401 Richmond- Here to Stay!
Cities are more than bricks and mortar and places where people live. Great cities are vibrant and dynamic. And, great cities contribute to this by investing in arts and culture, not because they are a 'nice to have' but because they make our cities liveable.
The recent announcement that the Province will work with the City to develop a new property tax sub class for arts and cultural hubs like 401 Richmond is a welcome and critical step in our work to build a vibrant 21st Century city. I would like to thank the Province of Ontario, the Minister of Finance, and the Premier's Office for their hard work on this file. I would also like to recognize and thank Margie Zeidler and the urbanspace team, the many tenants of 401 Richmond, and countless Torontonians who wrote letters and emails and signed petitions, for all their work and advocacy. This news would not have been possible without their tireless commitment.

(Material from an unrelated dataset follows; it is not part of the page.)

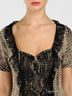 Детали: округлый вырез горловины, короткий прямой рукав, полочка декорирована гипюровым кружевом и небольшой драпировкой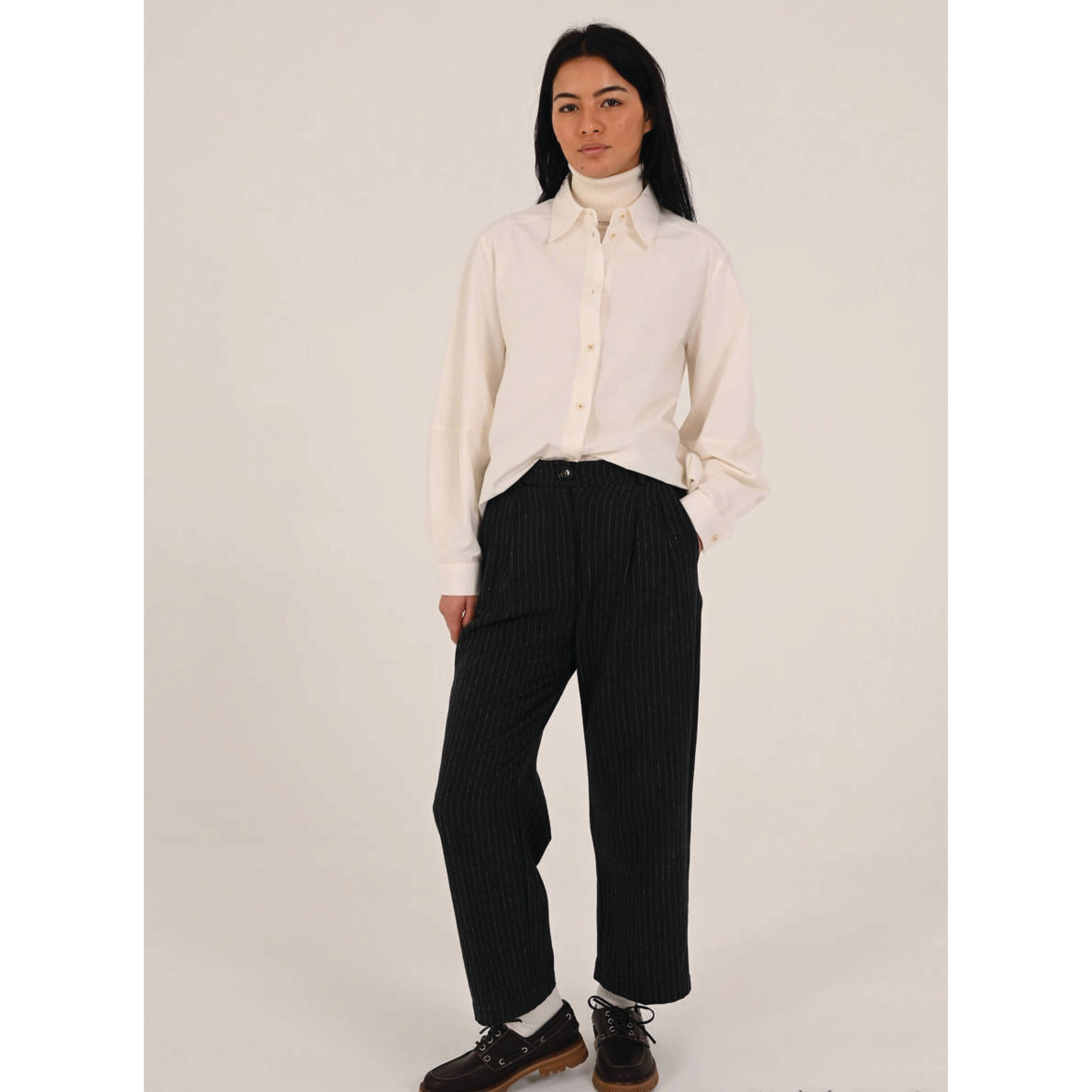 Coupée dans une belle popeline de coton souple et douce, blanc cassé.

After more than a year of work on 401 Richmond, we know that the issues faced by this critical hub in our city are not unique. Arts and cultural organizations across Toronto are dealing with skyrocketing property assessments based on the flawed 'highest and best use' assessment model that make continuing to operate in our communities less and less viable. Today's news will change that.
I was thrilled that City Council adopted my motion to formally begin the process of establishing Toronto's new Culture and Creative property tax sub-class. The details of this class are already under discussion. Now, the work begins to put them in place.
Investing in arts and culture builds a stronger economy and more liveable city. Today 174,000 Torontonians work in the culture sector, including nearly 25,000 working artists who call Toronto home. These artists build skills for the new economy, support local businesses, and add dynamism to our City. With this work, their work will continue.